La Abogacía de la Generalitat no ve conflicto de interés en la quita a una empresa de la que Puig es accionista

El pleno del Consell ha avanzado una semana más en la configuración del organigrama del Consell con nombramientos en el segundo y tercer escalafón, un mes después de su constitución. Los nombramientos más significativos, por fin, se han producido en Presidencia, donde estaba todo pendiente.

Allí, según ha explicado la portavoz del Consell, y vicepresidenta, Mónica Oltra, se ha nombrado como secretaria autonómica de Comunicación a Blanca Marín, a Esther Ortega como la directora de Gabinete del Presidente, y a Zulima Pérez como directora general de Diálogo Social.

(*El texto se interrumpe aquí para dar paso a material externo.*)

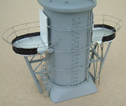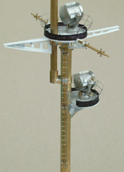 Mast Ladders Attached Here are PLM Marinedetails ladders going from the main tower 'crow's nest' up to the searchlight platforms, also not yet painted, and only one searchlight has been detailed. You can see how PLM Marinedetails' new ladders are perfectly straight and true. And strong! I am clumsy and typically smash into everything I make at least once, and when I did, the ladders did not bend a bit.
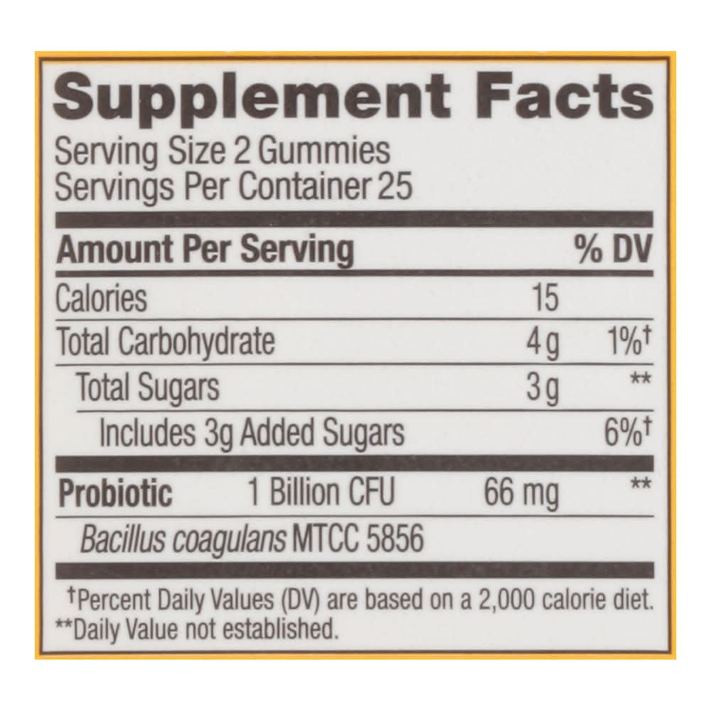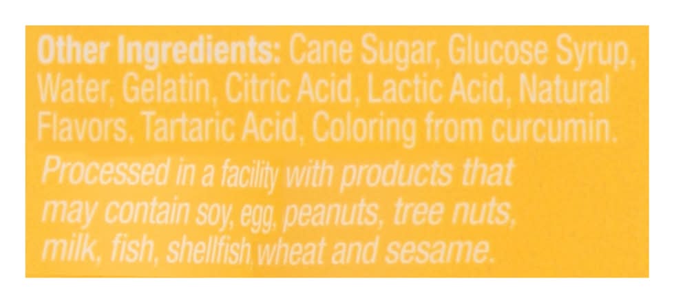 Ingredients: Bacillus Coagulans Glucose syrup, Cane Sugar, Water, Gelatin, Citric Acid, Lactic Acid, Natural Flavor (mango), Tartaric Acid, Color (from curcumin). Contains: Soybeans, Eggs, Peanuts, Tree Nuts, Milk, Fish, Crustacean Shellfish, Molluscan Shellfish, Wheat, Sesame
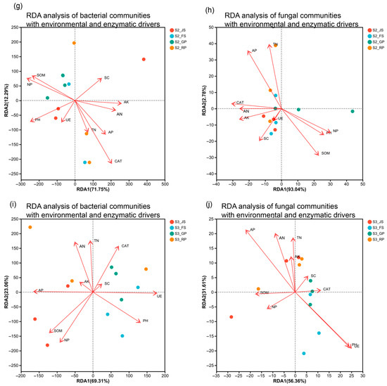Figure 9. Redundancy Analysis (RDA) of Bacterial and Fungal Communities with Environmental and Enzymatic Drivers. SOM: soil organic matter; TN: total nitrogen; AP: available phosphorus; AK: available potassium; AN: ammonium nitrogen; UE: urease; NP: neutral phosphatase; CAT: catalase; SC: sucrase; JS: jointing stage; FS: flowering stage; GP: grain-filling period; RP: reaping period. CK: Topdressing with water at both JS and GP, CF: Topdressing with chemical fertilizer at both JS and GP, S1: Topdressing with biogas slurry at JS, followed by topdressing with chemical fertilizer at GP, S2: Topdressing with chemical fertilizer at JS, followed by topdressing with biogas slurry at GP, S3: Topdressing with biogas slurry at both JS and GP. Letters (aj) label the individual subfigures in sequential order.
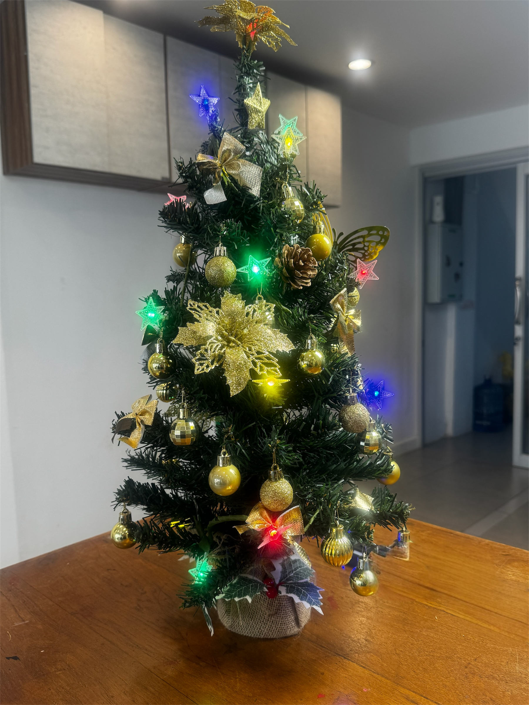 A radiant tree, glowing with gold and Christmas magic. 60 cms long

De igual manera, se ha nombrado a María Such Palomares, como directora general del Institut Valencià de les Dones mientras que a la anterior directora general de Trabajo, Cristina Moreno, como subsecretaria de Hacienda y Modelo Económico, a Juan Pérez Ballester, director general de Modelo Económico, Financiación Autonómica y Política Financiera, y José Manuel García Duarte, como director general de Tecnologías de la Información y las Comunicaciones:

Asimismo, David Alfonso Jarque ha sido nombrado director general de Función Pública; Miguel Gomicia Giménez, director general de Formación Profesional y Enseñanzas de Régimen Especial; Llanos Cuenca González, directora general de Planificación, Eficiencia y Atención al Paciente; Diego Marín Fabra, director general de Prevención de Incendios Forestales y Chelo Angulo Luna, directora general de Cooperación Internacional al Desarrollo.

Sin conflicto de intereses

Por otra parte, a preguntas de los medios comunicación, la vicepresidenta del Consell, Mónica Oltra, ha anunciado este viernes que la Abogacía de la Generalitat, a petición del Consell, ha emitido un informe en el que concluye que el presidente de la Generalitat, Ximo Puig, no incurrió en conflicto de interés al participar en la votación de un decreto que facultaba al Instituto Valenciano de Finanzas (IVF) a condonar parte de la deuda de una empresa de la que Puig es accionista.

Según ha explicado Oltra, el hecho de que Puig participase en una votación del Consell para aprobar el nuevo reglamento del IVF no supone un conflicto de interés por parte del presidente, a pesar de que con ese decreto, entre otras cuestiones, se habilitaba al IVF a realizar grandes quitas como la que posteriormente se concedió a Pecsa, la empresa editora del diario Mediterráneo de la que Puig tiene una participación accionarial del 1,17%.

En sus conclusiones, la Abogacía dice que el “no procedía” que el presidente de la Generalitat se abstuviese en la votación de la aprobación del Decreto porque “se trata de un procedimiento de aprobación de una disposición de carácter general y por tanto sin afectación singular directa a ningún tipo de asunto.

Desde el PP-CV no se comparte esta visión, y ha pedido la comparecencia del jefe del Consell para explique su situación, además ha registrado en Les Corts una iniciativa para instar al Consell a iniciar un procedimiento sancionador contra Puig “por no haberse abstenido de la votación del Decreto del IVF y por mentir en su declaración de bienes”.

Según los populares existe “incumplimiento del Código de Buen Gobierno y de la Ley de Incompatibilidades” por parte de Puig porque el presidente debe inhibirse del conocimiento de asuntos que interesen a empresas o sociedades en las que hayan realizado funciones de dirección, asesoramiento o administración.